\( y ^ { 3 } y ^ { \prime \prime } = 1 \)

To solve the equation \( y^3 y'' = 1 \), we begin by rewriting it in a more manageable form. This can be expressed as \( y'' = \frac{1}{y^3} \). It's a second-order differential equation, and observing that the right-hand side is a function of \( y \) suggests a potential use of substitution. You can let \( p = y' \), and thus \( y'' = p \frac{dp}{dy} \).
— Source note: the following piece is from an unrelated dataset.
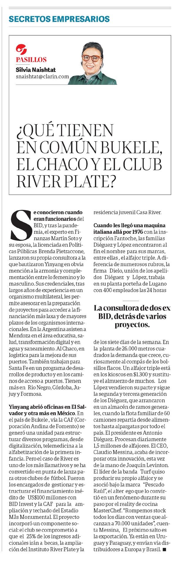 ¿QUÉ TIENEN EN COMÚN BUKELE, EL CHACO Y EL CLUB RIVER PLATE? Silvia Naishtat SECRETOS EMPRESARIOS PASILLOS Silvia Naishtat snaishtat@clarin.com ¿QUÉ TIENEN EN COMÚN BUKELE, EL CHACO Y EL CLUB RIVER PLATE? Se conocieron cuando eran funcionarios del BID, y tras la pandemia, el experto en Finanzas Martín Soto y su esposa, la licenciada en Políticas Públicas Brenda Pietraccone, lanzaron su propia consultora a la que bautizaron Yinyang en obvia mención a la armonía y complementación entre lo femenino y lo masculino. Sus credenciales, tras largos años de experiencia en un organismo multilateral, les permiten asesorar en la preparación de proyectos para acceder a la financiación más laxa y de mayores plazos de los organismos internacionales. En la Argentina asisten a Mendoza en el área educativa, salud, transformación digital y en agua y saneamiento. Al Chaco, en logística para la mejora de sus puertos. También trabajan para Santa Fe en un programa de desarrollos de producto y en los caminos de acceso a puertos. Tienen más en Río Negro, Córdoba, Jujuy y Formosa. Yinyang abrió oficinas en El Salvador y otra más en México. En el país de Bukele, vía la CAF (Corporación Andina de Fomento) se generó una unidad para estructurar diversos programas, desde digitalización, telemedicina a la alfabetización de la primera infancia. Pero el caso de River es uno de los más llamativos y se ha convertido en punta de lanza para otros clubes de fútbol. Fueron los encargados de gestionar y estructurar el financiamiento inédito de US$100 millones con BID Invest y la CAF para la ampliación y techado del Estadio Más Monumental. El proyecto incorporó un componente social: el club se comprometió a que el 25% de los ingresos adicionales irán a becas, la ampliación del Instituto River Plate y la residencia juvenil Casa River. Cuando les llegó una máquina italiana allá por 1976 con la inscripción Fantoche, las familias Diéguez y López encontraron al fin el nombre para sus marcas, entre ellas, el alfajor triple. A diferencia de numerosos rubros, la firma Dielo, unión de los apellidos Diéguez y López, trabaja en su planta porteña de Lugano con 400 empleados las 24 horas. La consultora de dos ex BID, detrás de varios proyectos. De los siete días de la semana. En la planta de 26.000 metros cuadrados la demanda que crece, curiosamente al compás de los bolsillos flacos. Un alfajor triple está en los kioscos en $1.300 y sustituye el almuerzo de muchos. Los López vendieron su parte y sigue la segunda y tercera generación de los Diéguez, que arrancaron en un almacén de ramos generales, cuando la flota familiar de 60 camiones repartía desde alimentos hasta alpargatas por todo el país. El presidente es Antonio Diéguez. Procesan diariamente 1,5 millones de alfajores. El CEO, Claudio Messina, acaba de incorporar otra innovación, esta vez de la mano de Joaquín Levinton. El líder de la banda Turf quiso producir su propio alfajor y se asoció bajo la marca “Pescado Raúl”, el alter ego que lo convirtió en un fenómeno durante su paso por el reality de cocina MasterChef. "Rompemos stock todos los días con ventas que alcanzan a 70.000 unidades", cuenta Messina. El próximo salto es la exportación. Ya están en Uruguay y Paraguay, y envían vía distribuidores a Europa y Brasil. Menciones: BID, CAF, Bukele, River Plate, Martín Soto, Brenda Pietraccone, Yinyang, Mendoza, Chaco, Santa Fe, Río Negro, Córdoba, Jujuy, Formosa, El Salvador, México, El Chaco, Diéguez, López, Fantoche, Dielo, Lugano, Antonio Diéguez, Claudio Messina, Joaquín Levinton, Turf, Pescado Raúl, MasterChef, Uruguay, Paraguay, Brasil

This transforms your equation into \( p \frac{dp}{dy} = \frac{1}{y^3} \), which you can integrate by separating variables. The journey doesn't end there, though! After integrating, you'll need to revisit \( p \) and express the solution in terms of \( y \) to find the general solution, or specific solutions, depending on your initial conditions. Happy solving! To really dig into the essence of solving differential equations like this one, knowing the relationship between functions and their derivatives can have profound implications in physics, engineering, and beyond. For instance, oscillation problems in mechanical systems often lead to similar types of equations, showcasing just how intertwined mathematics and the physical world truly are. In tackling differential equations, one common mistake is rushing to solve without considering the nature of the solutions. Always check if your function is defined over the relevant interval, and remember to verify any constants of integration with initial or boundary conditions. This can save you from pursuing paths that led you astray!